Even when we were in our 20s going to friend’s weddings, we gave something in the realm of $200.
When we were a bit older and moved to OH and starting getting wedding invites there, we upped the number some and people thought we were over the top gifting and we dialed it back.
I haven’t been to a wedding in a very long time now so I’m not sure what we would decided but I expect it will depend on the relationship. I’d be much more lavish with a family member than friends’ kids.
As an aside, I remember probably half of who gave us what in terms of gifts. Depends on how much I use it or how unusual it was ; )
Does anyone factor in how much they think the couple “needs”? We don’t give different amounts to the nieces/nephews. But I could see some people gifting more to the teacher than the doctor. Has anyone done this or know if it happens?
The last weddings we’ve been to, all of the couples have been high income earners. The only thing they don’t have is a house. But that wasn’t the case several decades ago and I’m sure it’s not the case everywhere.

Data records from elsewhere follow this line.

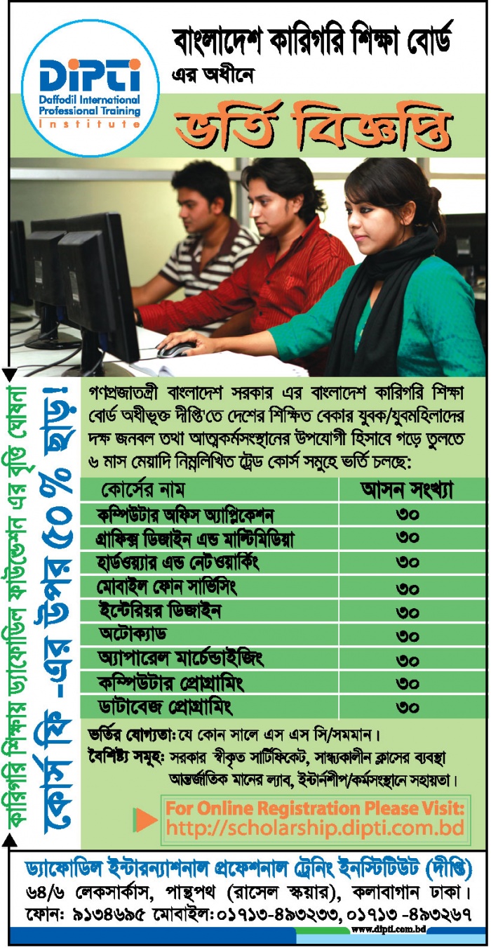 গনপ্রজাতন্ত্রী বাংলাদেশ সরকার-এর বাংলাদেশ কারিগরি শিক্ষা বোর্ড অধিভূক্ত দেশের শীর্ষস্থানীয় তথ্যপ্রযুক্তি ও প্রফেশনাল প্রশিক্ষণ প্রদানকারী প্রতিষ্ঠান ড্যাফোডিল ইন্টারন্যাশনাল প্রফেশনাল ট্রেনিং ইনস্টিটিউট (দীপ্তি) দেশের আর্থসামাজিক উন্নয়নের সাথে সম্পর্কিত বিভিন্ন সেক্টরের বিশেষায়িত বিষয়ের উপর ২০০৪ সাল থেকে প্রশিক্ষণ প্রদান করে আসছে। প্রফেশনাল প্রশিক্ষন প্রদানের মাধ্যমে দেশের শিক্ষিত বেকার যুবক/যুবমহিলাদের দক্ষ জনবল তথা আত্ম কর্মসংস্থানের উপযোগী হিসাবে গড়ে তুলতে বাংলাদেশ কারিগরি শিক্ষা বোর্ড অধীভূক্ত ৬ মাস মেয়াদী নিম্নলিখিত বেসিক ট্রেড কোর্স সমূহে জুলাই-ডিসেম্বর’১৫ সেশনে সরকার নির্ধারীত সীমিত সংখ্যক আসনে আগে আসলে আগে পাবেন ভিত্তিতে ছাত্র-ছাত্রী ভর্তি চলছে।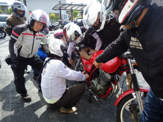 11.名阪国道 大内PA AM11:00 今回のツーは竹さんデーとなる。またもやフランジボルトの脱落。今回は一ヶ所だけで、しかもリペア部品持参。過去には四ヶ所落ちがある。 |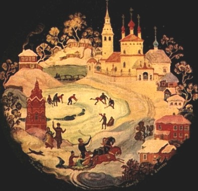 A l'aube, Vassilissa enfouit le crâne sous terre, ferma la maison à clef, partit en ville.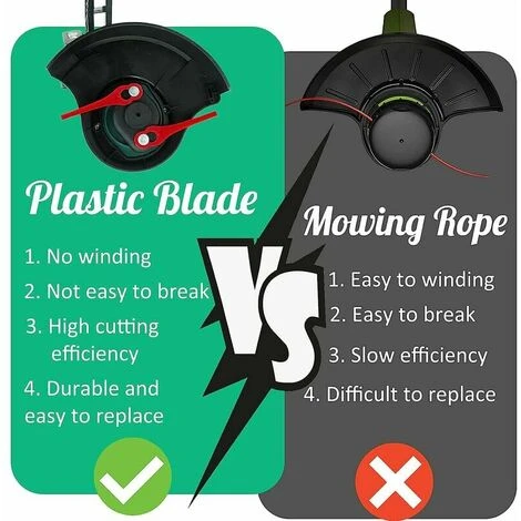 - 【Quality & Durable materials】: The cordless strimmer blade is made of premium ABS material, durable, flexible, odorless, not easy to break and good stability, can be used for a long time. A must-have accessory for garden mowers.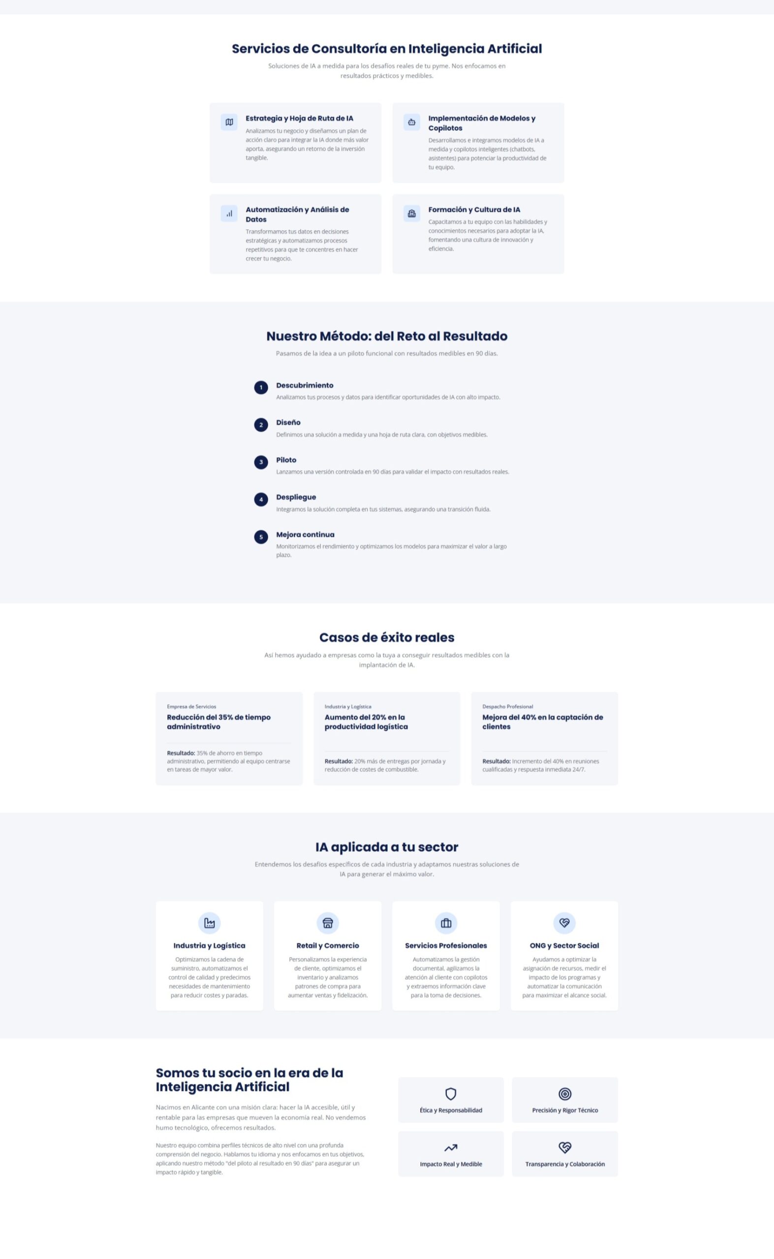 Soluciones de IA a medida para los desafíos reales de tu pyme. Nos enfocamos en resultados prácticos y medibles.

No. To me that’s like the people who leave unequal amounts to their kids in their wills.
These traditions are pretty old, back in the day, families tended to live in the same areas. My great grandparents/grandparents had big families, and generations lived within 10 miles of Ellis island for decades. There are still large multigenerational families here, with weekly dinners and frequent large celebrations.
Agree. But I would just love in theory to give a lot more to my nephew who teaches kids with autism then I gave to his brother who never sent a thank you for the 1K we gave. Would love to do this, but never, ever would.

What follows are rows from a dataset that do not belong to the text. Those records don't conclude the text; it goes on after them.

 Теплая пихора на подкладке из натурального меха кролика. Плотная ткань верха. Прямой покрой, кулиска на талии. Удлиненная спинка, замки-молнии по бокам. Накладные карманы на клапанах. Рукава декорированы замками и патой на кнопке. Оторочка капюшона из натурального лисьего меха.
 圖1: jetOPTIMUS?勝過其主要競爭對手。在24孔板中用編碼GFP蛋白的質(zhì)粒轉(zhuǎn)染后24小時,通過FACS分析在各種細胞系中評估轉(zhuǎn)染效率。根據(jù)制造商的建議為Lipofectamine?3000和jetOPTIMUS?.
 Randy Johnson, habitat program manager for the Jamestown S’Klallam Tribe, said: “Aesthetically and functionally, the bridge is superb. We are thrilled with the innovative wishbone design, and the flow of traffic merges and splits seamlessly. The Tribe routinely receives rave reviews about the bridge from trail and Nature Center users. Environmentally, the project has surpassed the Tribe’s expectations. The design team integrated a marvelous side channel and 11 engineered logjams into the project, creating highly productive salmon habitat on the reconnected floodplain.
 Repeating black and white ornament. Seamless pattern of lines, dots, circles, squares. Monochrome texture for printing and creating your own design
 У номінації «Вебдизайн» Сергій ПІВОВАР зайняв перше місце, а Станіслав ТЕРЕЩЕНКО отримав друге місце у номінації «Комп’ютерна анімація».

What traditions? I’m not sure what you are referring to. Thanks.
If you want to help along someone who is more financially needy, then feel free to do so. If you think it might create a family dust storm because you gave a more expensive wedding gift to one nephew than another, then do it at another occasion. Perhaps during Teacher Appreciation Week you send the teacher a check, or during Autism Awareness Month, or whenever. It doesn’t need to be a repeated gift, either. You could just say how much you appreciate what the person has been doing over his career and wanted to give him some extra recognition. The well-paid brother is not a teacher or doing things with autistic children, so there shouldn’t be any hurt feelings that he doesn’t get recognition for that, and there’s no particular reason why the brother would even find out that you sent something extra to the teacher.
Pay your plate, most did not have to worry about additional costs like travel.
Yes, I would love to do that. But, it’s my husbands family and they can’t keep a secret even a good one.
I think when he eventually gets married we’ll do something like you suggested. Just hope by then, he can keep it quiet as we have many other nieces and nephews >10 to consider.
I never think about “playing my plate” because it is the hosts, not me, who decide what to spend on the wedding. If someone chooses to have a crazy elaborate/expensive affair or a more modest affair that is their choice. I give a gift based on the relationship with the couple – typically around $500 for H and myself. If I attend an engagement party or shower I buy from the registry. My kids are grown and gift whatever they feel is appropriate.
When we hosted D’s wedding last summer I did not expect it to be a money-making or break-even venture. We had an affair that fit what D and SIL wanted and was within our budget. FWIW I did ask the kids to provide H and I with a list of gifts given from our friends/family – when we go to affairs that they host we would want to give a similar gift.
The tricky thing with weddings is that often the bride’s family foots most or all of the bill, and about half the guests are people they’ve never met. To be honesty, being a spouse-date of a groom coworker who I have only met a few times can make me feel like being generous even though they are not close friends/family. It can be really fun to share the joy of a young couple celebrating, glad to give a few hundred dollars.